## What is required
Restate every line of the material below word for word, skipping the images.

## Information provided
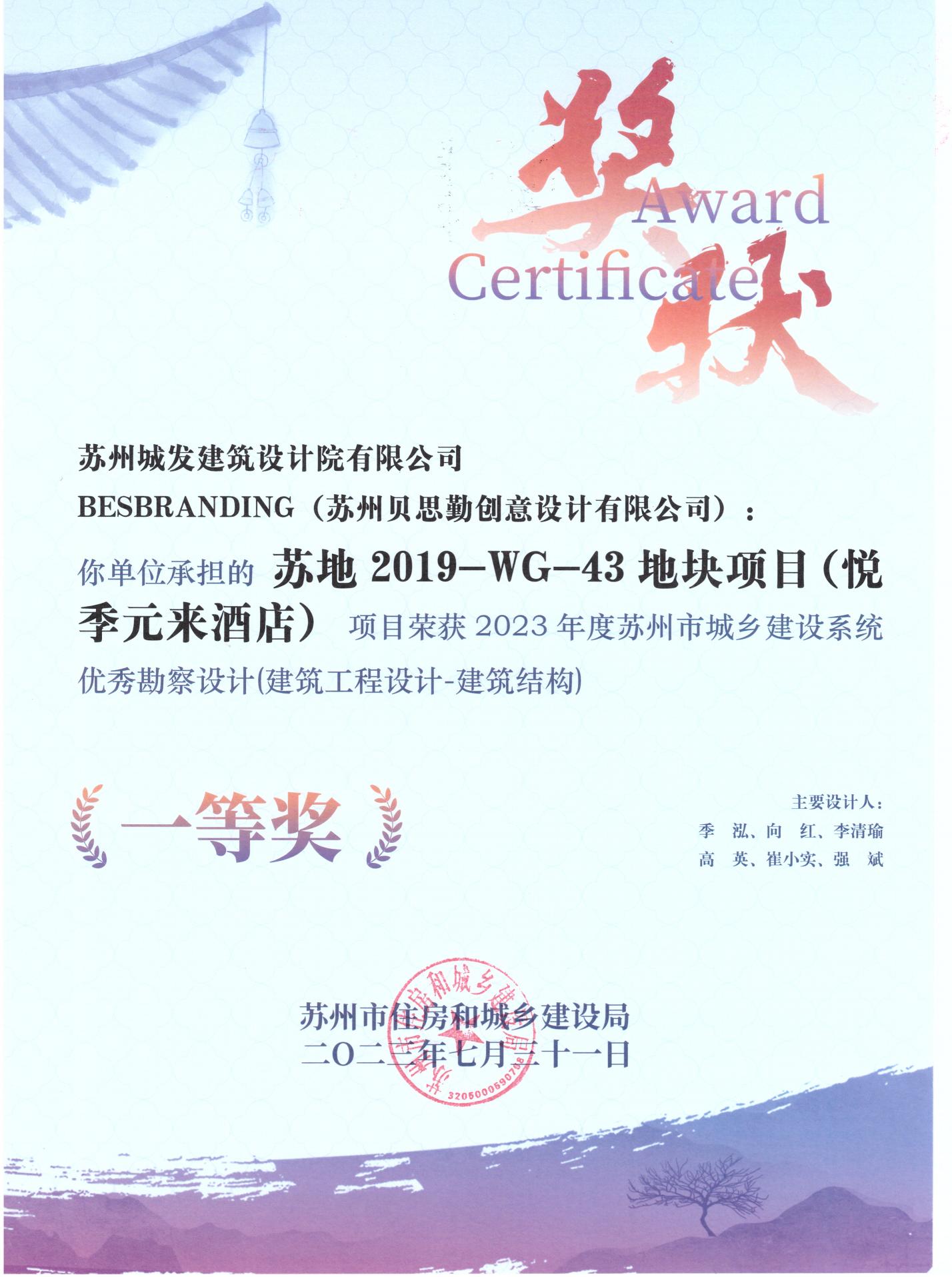 2023年度蘇州市城鄉建設系統優秀勘察設計(建筑結構)一等獎
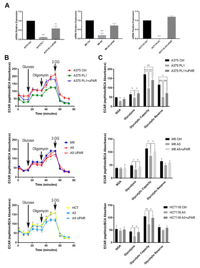 (A) Total RNA isolated was subjected to quantitative PCR (qPCR) analysis of PLAUR expression. Data are presented as mean ± SD. ** p < 0.01; *** p < 0.001 (One-way ANOVA test) (n = 3). (B) The Glycostress assay was performed as described in “Results.” The ExtraCellular Acidification Rate (ECAR) (C) measured in Seahorse Glycostress assays is shown as traces from a representative Seahorse run. (B) The average of the three measures after the exposure to the above described drugs is summarized in histograms. Here are the summarized results from at least three independent biological experiments, each consisting of independent cell plating on five Seahorse microplate wells. Data are presented as mean ± SD. * p < 0.05; ** p < 0.01; *** p < 0.001 relative to Control (One-way ANOVA test).
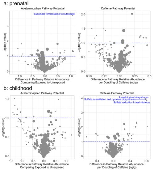 Association between (a) prenatal (n = 49) and (b) childhood exposure (n = 85) to caffeine or acetaminophen and relative abundance of functional pathways. Effect estimates for caffeine are expressed per doubling of exposure. Effect estimates for acetaminophen are comparing exposed to unexposed. Models are adjusted for whether the child was ever breastfed, sex, mode of birth, and socioeconomic status. Point size is proportional to average relative abundance of the represented pathway. Pathways with an FDR q-value < 0.1 are labeled. Full names: L-methionine biosynthesis = Superpathway of L-methionine biosynthesis (by sulfhydrylation); Sulfate assimilation and cysteine biosynthesis = Superpathway of Sulfate assimilation and cysteine biosynthesis.
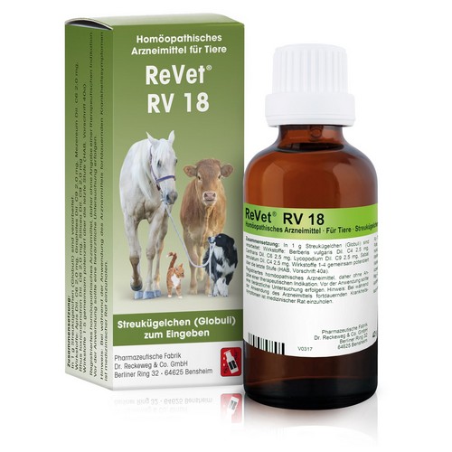 • ReVet®RV -Serie für alle Tierarten, auch für lebensmittelliefernde Tiere. Packungsgröße: 42 g Globuli.

## Task response
 2023年度蘇州市城鄉建設系統優秀勘察設計(建筑結構)一等獎
 (A) Total RNA isolated was subjected to quantitative PCR (qPCR) analysis of PLAUR expression. Data are presented as mean ± SD. ** p < 0.01; *** p < 0.001 (One-way ANOVA test) (n = 3). (B) The Glycostress assay was performed as described in “Results.” The ExtraCellular Acidification Rate (ECAR) (C) measured in Seahorse Glycostress assays is shown as traces from a representative Seahorse run. (B) The average of the three measures after the exposure to the above described drugs is summarized in histograms. Here are the summarized results from at least three independent biological experiments, each consisting of independent cell plating on five Seahorse microplate wells. Data are presented as mean ± SD. * p < 0.05; ** p < 0.01; *** p < 0.001 relative to Control (One-way ANOVA test).
 Association between (a) prenatal (n = 49) and (b) childhood exposure (n = 85) to caffeine or acetaminophen and relative abundance of functional pathways. Effect estimates for caffeine are expressed per doubling of exposure. Effect estimates for acetaminophen are comparing exposed to unexposed. Models are adjusted for whether the child was ever breastfed, sex, mode of birth, and socioeconomic status. Point size is proportional to average relative abundance of the represented pathway. Pathways with an FDR q-value < 0.1 are labeled. Full names: L-methionine biosynthesis = Superpathway of L-methionine biosynthesis (by sulfhydrylation); Sulfate assimilation and cysteine biosynthesis = Superpathway of Sulfate assimilation and cysteine biosynthesis.
 • ReVet®RV -Serie für alle Tierarten, auch für lebensmittelliefernde Tiere. Packungsgröße: 42 g Globuli.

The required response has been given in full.